Dubai stocks dragged down with Brent oil at lowest since 2004
Regional markets faced further downward pressure as falling oil prices dragged Dubai, Saudi Arabia and Qatar to multiyear lows on Sunday.
Brent crude futures on Friday fell to levels last prevailing in 2004, closing down 4.5 per cent to $37.93 per barrel, after the International Energy Agency warned that oversupply of crude oil may worsen next year, putting further pressure on prices.
The US crude benchmark West Texas Intermediate also declined, ending down 3.1 per cent at $35.62 a barrel, with domestic demand hit by forecasts of warmer temperatures in the United States.

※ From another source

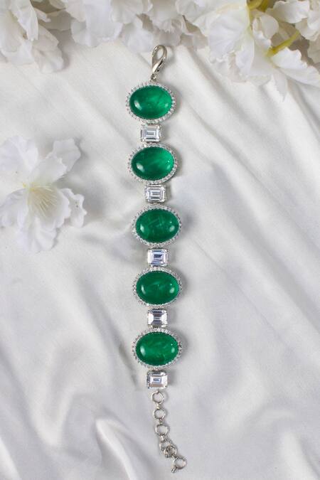Green doublet stone embellished bracelet featuring a lobster clasp closure

The drop in prices prompted a sell-off of equities worldwide, with the S&P 500 and London’s FTSE 100 falling 1.9 per cent and 2.2 per cent, respectively, despite better-than-forecast economic data from China.
The Qatar Exchange in Doha was the worst-affected market in the region, closing down 3.7 per cent at 9,643.65, its lowest closing level since October 2013.
Shares in Saudi Arabia, the world’s largest exporter of oil, followed close behind, closing down 2.6 per cent at 6,764.60, its lowest close for more than three years.
In the UAE, the Dubai Financial Market General Index ended lower for the sixth consecutive day, losing 2.1 per cent of its value at 2,882.80, its lowest level since November last year.
“There’s not a lot to look forward to until the crude oil market stabilises,” said Sanyalak Manibandhu, a research manager at NBAD Securities in Abu Dhabi. “It was clear from the recent Opec meeting that there’s no stabilisation coming in the short term, so people are selling out all their risk assets, which include equities in the region.”
Seven of the 10 largest stocks on the Dubai index closed yesterday at their lowest level for the year.
Emirates NBD and Dubai Islamic Bank were among the worst affected, closing down 4.1 per cent and 3 per cent, respectively.
Dubai’s index has lost nearly a quarter of its value since the start of the year, shedding 10 per cent since the start of the month.
Investors have little incentive to return to the market until next month’s dividend season, said Mr Manibandhu.
“Before that we need to see how markets react to the expected increase in US interest rates later this week.”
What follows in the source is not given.